CRISPR/Cas9-mediated genetic perturbations of the EJ cell line were generated via adaptation of previously published protocols (Sanjana et al., 2014; Shalem et al., 2015). We first expressed the lentiCas9-Blast plasmid (Addgene plasmid #52962) (Sanjana et al., 2014) in EJ cells via lentiviral transduction. Lentivirus was produced in HEK 293T using psPAX2 (Addgene plasmid # 12260) and VSV-G (Addgene plasmid # 12259) packaging plasmids (Doench et al., 2016). One million EJ cells were transduced with 1 mL of lentiCas9-Blast lentivirus via spinfection for 2 hours at 1000 x g in the presence of 4 μg/mL polybrene. The transduced cells were then selected on 10 μg/mL blasticidin for 2–4 weeks. Although the stable EJ-Cas9 line was not cloned, Cas9 cutting efficiency was confirmed using the pXPR_011-sgEGFP lentivirus (Addgene plasmid #59702). We next used the lentiGuide-Puro plasmid (Sanjana et al., 2014) to express a single-guide RNA (sgRNA; 5’-TGGGGCTCACTGTGGGAATT-3’) targeting the second exon of the DARC gene (lentiGuide-Puro was a gift from Feng Zhang (Addgene plasmid # 52963)). Lentivirus generation and transduction were performed as described above. After one week of selection on 2 μg/mL puromycin, cells expressing the transgene were cloned via limiting dilution, and clones were screened for indels in DARC via Sanger sequencing and Tracking of Indels by Decomposition (TIDE) (Brinkman et al., 2014) using the DARCseqgRNA3_Fwd (5’-TGCTGGATGACT-CTGCACTG-3’) and DARCseqgRNA3_Rev (5’-GTTCAGCAGCAGGTCCAG-AG-3’) primer set.
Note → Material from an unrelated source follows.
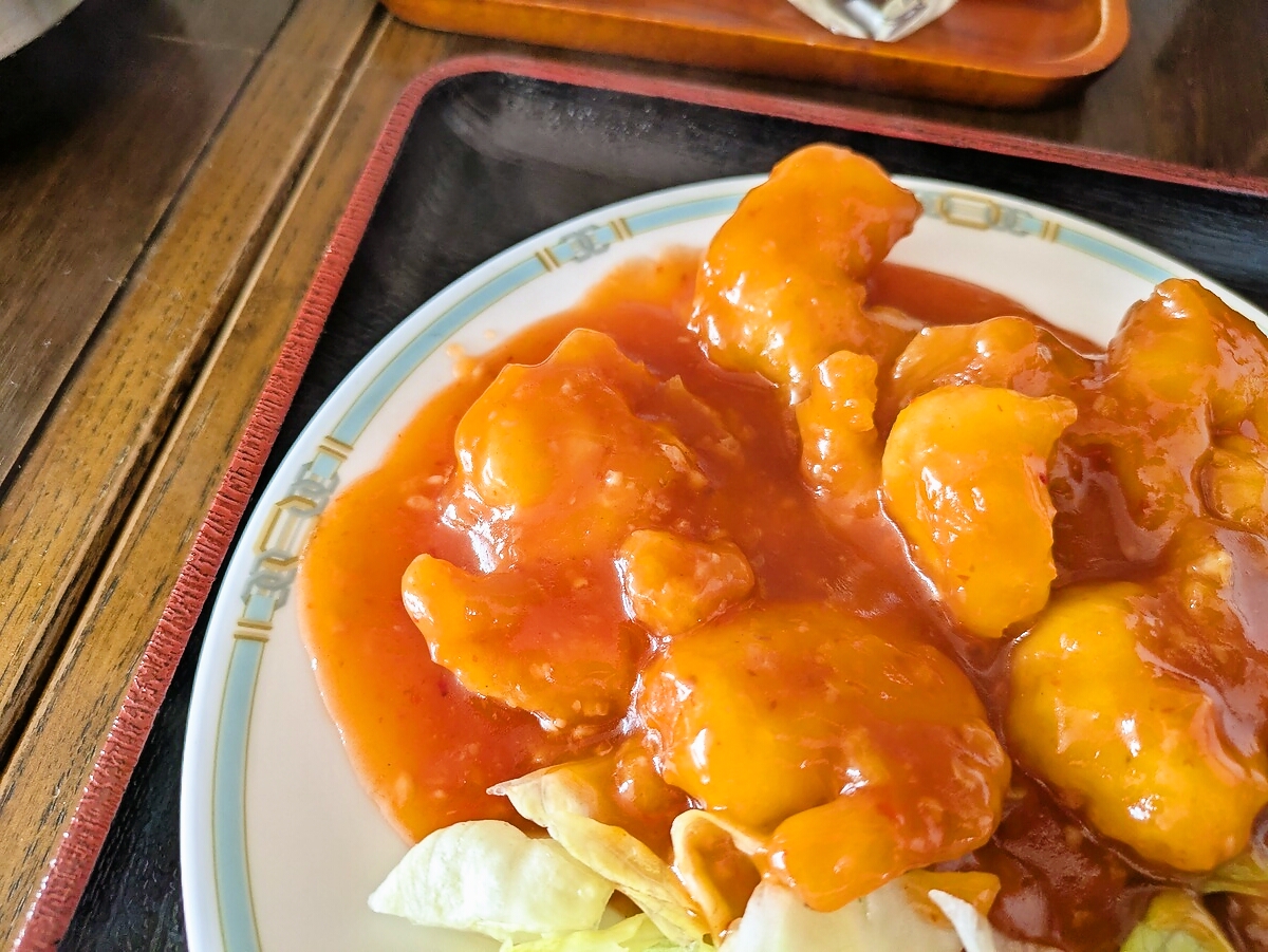 自宅を出る前から決めていた定番ランチ「エビチリ」をオーダー

The chromatograms of clones that exhibited evidence of bi-allelic indels via TIDE analysis were manually inspected to identify the location of indels within the sequence. Sequences were then translated to identify the effect of these genetic perturbations on the sequence of the protein. Finally, we compared DARC expression in wildtype and DARC knockout lines via flow cytometry and confirmed the phenotype via Plasmodium invasion assays (see below) involving the DARC-dependent parasite P. vivax.
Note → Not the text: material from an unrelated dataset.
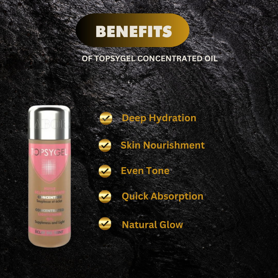 Topsygel Concentrated Oil 6 oz. TOPSYGEL OIL provides a dual softening and clarifying action. Its very soft formula is appropriate for all skin types. It moisturizes and repairs the most damaged skins. Its daily application reinforces the structure of your skin, thus protecting and clarifying your complexion, in a soft and homogeneous way.

To validate these results, we complemented the ΔDARC cell line by cloning the Fyb allele into the pLVX-FADD-DD vector containing a hygromycin resistance cassette (pLVX-DARCFyb-Hygro; a kind gift from Joan Massague; Addgene plasmid #58263) (Valiente et al., 2014). We included synonymous mutations in the sgRNA binding site of these DARC sequences to prevent the constitutively-expressed Cas9 from cutting these transgenes. We also substituted the CMV promoter for a minimal beta globin promoter to increase expression of the transgene in erythroid cells. The beta globin promoter was amplified from human genomic DNA using the primers 5’-GGACCATCGATGGTACGGCTGTCATCACTTAGACC-3’ and 5’-GGACCCTCGAGGGTGTCTGTTTGAGGTTGCTAGTG-3’ (restriction sites in primers are underlined) and ClaI/XhoI cloned into pLVX-DARCFyb-Hygro. We then expressed the transgenic DARC allele in the ΔDARC cell line via lentiviral transduction. Cells were selected on 200 μg/mL Hygromycin B (Sigma-Aldrich) for two weeks, and expression was confirmed via flow cytometry.

Invasion assays

Plasmodium falciparum cultures were maintained in human O-positive erythrocytes (Interstate Blood bank) at 2% hematocrit in complete RPMI media with 0.5% albumax and 0.2% sodium bicarbonate at 37oC with 5% CO2 and 1% O2 mixed gas. Plasmodium vivax isolates were obtained from Brazil, and were maintained and enriched as previously described (Rangel et al., 2018). Plasmodium falciparum lines were synchronized one cycle before the invasion assay in a 4-hour window using the magnetic-activated cells sorting (MACS) purification (Miltenyi Biotec) followed by treatment with heparin. The synchronized schizonts were purified again using the MACS method prior to setting up the invasion assay.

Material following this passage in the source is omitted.